You have the following data protection rights, controls and choices.
You can access, review, change, update or delete your personal information at any time by. Please note that we may impose a small fee for access and disclosure of your personal information where permitted under applicable law, which will be communicated to you. We do not charge you to update or remove your personal information.
You can request to have us remove your personal information from a Website testimonial or remove your personal information from our blog or community forum. In some cases, we may not be able to remove your personal information, in which case we will let you know if we are unable to do so and why.
If you are a resident of the European Economic Area (EEA), you can object to processing of your personal information, ask us to restrict processing of your personal information or request portability of your personal information.
You can opt out of receiving promotional emails or text messages from us by clicking the “unsubscribe” link in the email, by visiting this unsubscribe page or by emailing firstname.lastname@example.org. If you choose to no longer receive marketing information, we may still communicate with you about such things as your security updates, product functionality, responses to service requests, or other transactional, non-marketing or administrative related purposes.
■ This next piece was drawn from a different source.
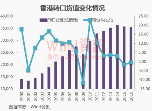 作为全球知名的自由贸易港,香港在转口贸易中占有举足轻重的地位。近十几年来,香港转口贸易货值保持稳步增长,当前已经突破3.5万亿港元,虽然近年来增速出现小幅下滑,但其江湖地位依旧稳固。

If we have collected and process your personal information with your consent, then you can withdraw your consent at any time. Please note, though, that withdrawing your consent will not impact the lawfulness of any processing we conducted before you withdrew your consent, nor will it impact the processing of your personal information we conducted in reliance on lawful processing grounds other than consent.
You have the right to complain to a data protection authority about our collection and use of your personal information. For more information, please contact your local data protection authority. Contact details for data protection authorities in the European Economic Area ("EEA"), Switzerland and certain non-European countries (including the US and Canada) are available here.
If you would like to exercise any of your rights relating to your personal information, please start by contacting us using the contact details provided under the “Contact Us” section of this Notice.
We respond to all requests we receive from individuals wishing to exercise their data protection rights under applicable data protection laws. To protect your privacy and security, we take reasonable steps to verify your identity before granting you account access or making corrections to your personal information.
From time to time, we may change this Privacy Notice in response to changing technologies, industry practices, regulatory requirements or for other purposes. We will provide notice to you (this notice may be by email to you at the last email you provided us, by posting notice of such changes on the Website, or by other means, consistent with applicable law) if these changes are material and, where required by applicable law, we will obtain your consent.
You can see when this Notice was last updated by checking the “last updated” date displayed at the top of this Notice.
We encourage you to contact us if you have any comments or questions about this Privacy Notice or our related privacy practices. You may reach us at email@example.com or at our mailing address below:
ATTN: Privacy Committee
Duo Security, Inc.
123 North Ashley Street, Suite #200
Ann Arbor, MI 48104, USA
If you are resident in the EEA, the controller of your personal information is Duo Security, Inc.